« La France perd avec Claude Bébéar un visionnaire qui a fait d'Axa un géant mondial. Son audace inspire encore l'économie française », a réagi mardi le ministre de l'Economie Roland Lescure.

Le président du conseil d'administration d'Axa, Antoine Gosset-Grainville, a, lui, salué son « esprit de conquête [qui] est à l'origine d'une des plus grandes réussites économiques des 50 dernières années, transformant en moins d'une génération une petite mutuelle normande en un géant mondial de l'assurance ».

Assureur atypique

Claude Bébéar a longtemps été considéré par ses pairs comme le « meilleur dans sa profession ». C'était un assureur atypique, né en 1935 à Issac en Dordogne dans une famille modeste d'instituteurs laïcs et socialistes. Son nom aurait été « fabriqué » par des religieuses de Périgueux qui en recueillant un enfant abandonné - son arrière-grand-père - l'aurait déclaré à l'état civil sous le patronyme de « bébé-areu » (onomatopées enfantines).

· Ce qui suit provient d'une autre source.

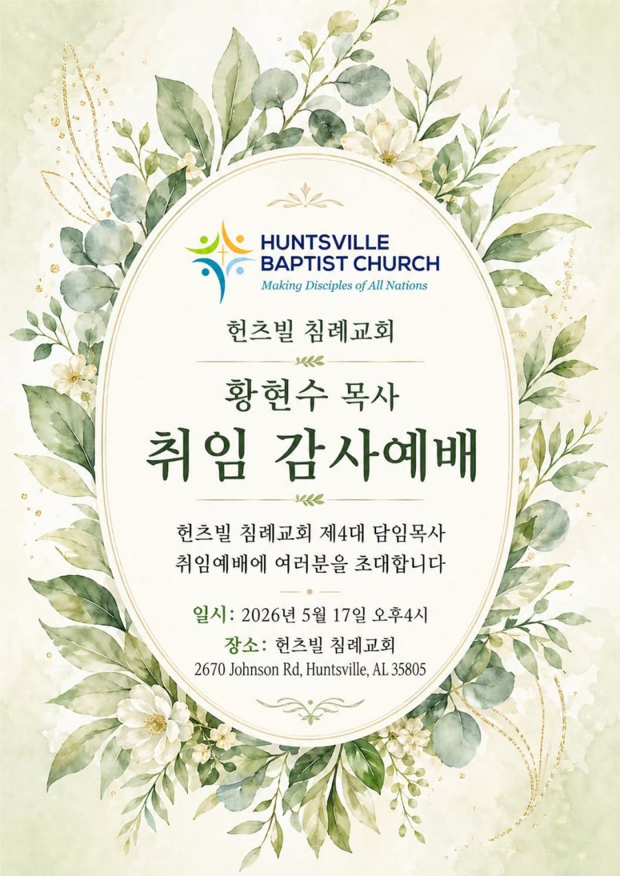 헌츠빌침례교회 황현수 담임목사 취임감사예배

Jeune, Claude rêve de devenir chirurgien. Mais son père a d'autres ambitions pour lui : il fera Polytechnique. Entré quatrième à la prestigieuse école, le jeune homme en ressortira 204e, ayant sacrifié ses heures d'études au rugby, une de ses passions.

En 1958, Claude Bébéar rejoint les Anciennes Mutuelles à Rouen, une petite compagnie d'assurance normande dirigée par André Sahut d'Izarn, monarchiste catholique qui lui apprend le métier. En 1974, à la faveur d'une grève, il prend la place du directeur général, adoptant une politique révolutionnaire pour l'époque : horaires personnalisés, 32 jours de congés payés, crédit vacances et préretraite en douceur. Parallèlement, il pose les premières pierres du futur empire, achetant la Mutuelle des prêtres Saint-Christophe et la Mutuelle parisienne de garantie, réunies sous l'enseigne des Mutuelles unies.

En 1982, le « chasseur de fauves », une autre de ses passions, mène bataille contre Bouygues pour faire tomber dans son escarcelle le groupe Drouot, une fois et demie plus gros que les Mutuelles unies. Le groupe est renommé Axa en 1985, un nom choisi par ordinateur qui doit commencer par la lettre A et prononçable dans toutes les langues.

Fondateur de l'Institut Montaigne

Abandonnant une stratégie de diversification - il avait acquis le groupe de presse Cino del Duca et le fourreur Révillon -, Axa accélère l'allure, rachetant tour à tour la Providence et le Secours en 1986, la Compagnie du Midi et sa filiale Les Assurances du groupe de Paris (AGP), avant de ramasser en 1991 la société américaine d'assurance-vie Equitable, en difficulté.

Insatiable, Claude Bébéar part alors à la conquête du monde, en Australie (National Mutual), en Grande-Bretagne (Guardian Royal Exchange) et au Japon (Nippon Dantai), mais aussi en Malaisie, en Belgique et au Canada.

Si le prédateur réprouve les animaux « qui tuent par plaisir à la manière des dépeceurs d'entreprises », il frappe un grand coup en 1996, plantant ses griffes dans l'UAP, numéro un français de l'assurance.

Considéré comme l'un des patrons les plus influents du CAC 40, il fonde le Cercle Entreprises et Cité, aux côtés d'amis libéraux, et l'Institut Montaigne, un cercle de réflexion d'inspiration libérale, dont il devient ensuite président d'honneur.

« Parrain du capitalisme français

Dans la presse, Claude Bébéar est présenté comme l'un des principaux acteurs de l'éviction du PDG de Vivendi Jean-Marie Messier en 2002, ou de l'élection de Laurence Parisot à la tête du Medef en 2005. Une influence dans le grand patronat qui a contribué à son surnom de « parrain du capitalisme français ».

Hostile au monde financier - analystes, agences de notation, hedge funds -, il rêve en 1999 d'un mariage à trois entre la BNP, Paribas et la Société générale.

En 2000, il confie la présidence du directoire d'Axa à Henri de Castries et devient président du conseil de surveillance, jusqu'en 2008, puis président d'honneur d'Axa jusqu'à son décès.

Catholique pratiquant, père de trois enfants, dont deux adoptés, Claude Bébéar était, selon Le Canard enchaîné, un des financeurs de la Manif pour tous, mouvement opposé au mariage pour les couples homosexuels, autorisé en 2013. En 2017, il avait soutenu le candidat Emmanuel Macron à l'élection présidentielle dans une tribune publiée dans Les Echos.